Required action => The reply needs the lines from the one containing "Рассказы о Западной" through the end of the material, each repeated exactly, and no pictures.

Source records =>
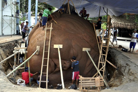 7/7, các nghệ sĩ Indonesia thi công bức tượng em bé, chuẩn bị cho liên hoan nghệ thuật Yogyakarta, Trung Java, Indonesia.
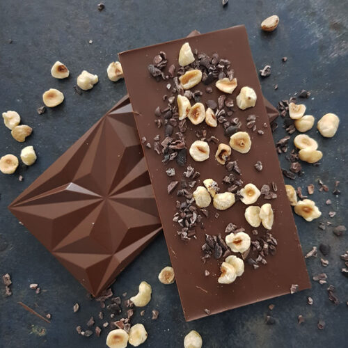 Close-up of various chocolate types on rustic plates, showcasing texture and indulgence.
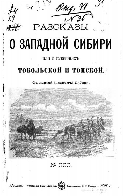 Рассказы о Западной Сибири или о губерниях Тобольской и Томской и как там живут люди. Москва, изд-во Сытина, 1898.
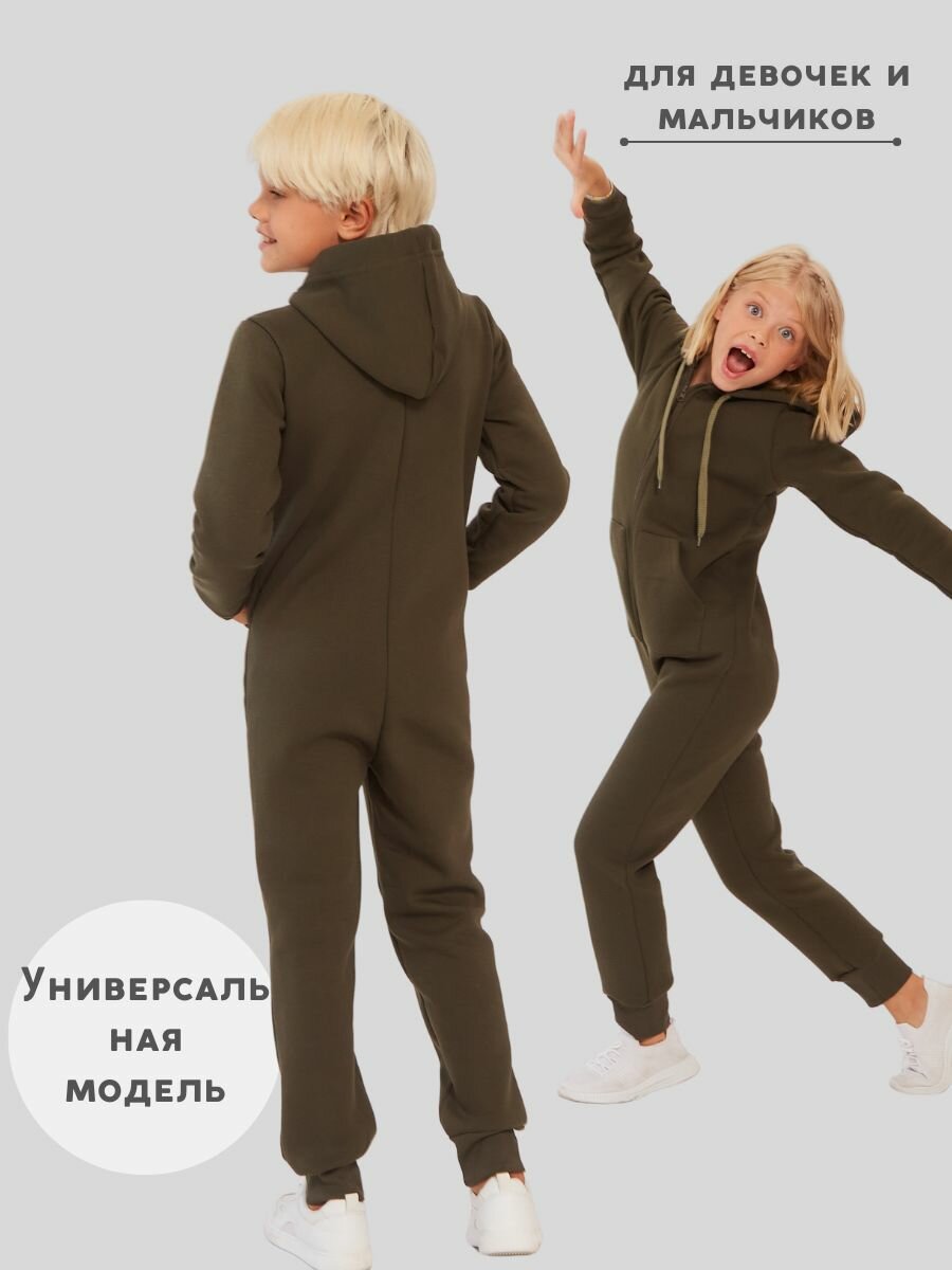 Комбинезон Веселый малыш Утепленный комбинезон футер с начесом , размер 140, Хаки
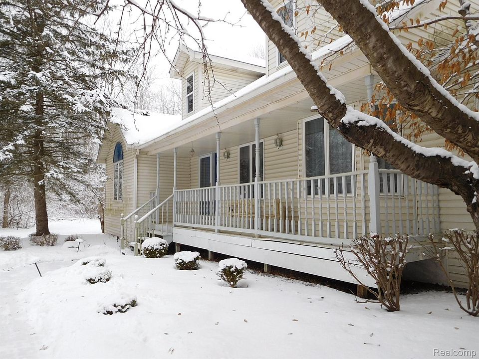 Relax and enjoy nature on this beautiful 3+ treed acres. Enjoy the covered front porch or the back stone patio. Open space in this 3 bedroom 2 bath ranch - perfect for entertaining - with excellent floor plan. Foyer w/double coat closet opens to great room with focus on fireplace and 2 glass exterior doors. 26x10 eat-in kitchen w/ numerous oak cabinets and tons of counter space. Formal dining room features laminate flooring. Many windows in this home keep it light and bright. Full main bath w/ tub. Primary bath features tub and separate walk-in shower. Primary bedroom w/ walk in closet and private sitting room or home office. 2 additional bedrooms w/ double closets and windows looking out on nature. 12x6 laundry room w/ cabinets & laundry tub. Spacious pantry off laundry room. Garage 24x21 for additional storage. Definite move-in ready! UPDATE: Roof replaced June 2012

Answer below =>
 Рассказы о Западной Сибири или о губерниях Тобольской и Томской и как там живут люди. Москва, изд-во Сытина, 1898.
 Комбинезон Веселый малыш Утепленный комбинезон футер с начесом , размер 140, Хаки
 Relax and enjoy nature on this beautiful 3+ treed acres. Enjoy the covered front porch or the back stone patio. Open space in this 3 bedroom 2 bath ranch - perfect for entertaining - with excellent floor plan. Foyer w/double coat closet opens to great room with focus on fireplace and 2 glass exterior doors. 26x10 eat-in kitchen w/ numerous oak cabinets and tons of counter space. Formal dining room features laminate flooring. Many windows in this home keep it light and bright. Full main bath w/ tub. Primary bath features tub and separate walk-in shower. Primary bedroom w/ walk in closet and private sitting room or home office. 2 additional bedrooms w/ double closets and windows looking out on nature. 12x6 laundry room w/ cabinets & laundry tub. Spacious pantry off laundry room. Garage 24x21 for additional storage. Definite move-in ready! UPDATE: Roof replaced June 2012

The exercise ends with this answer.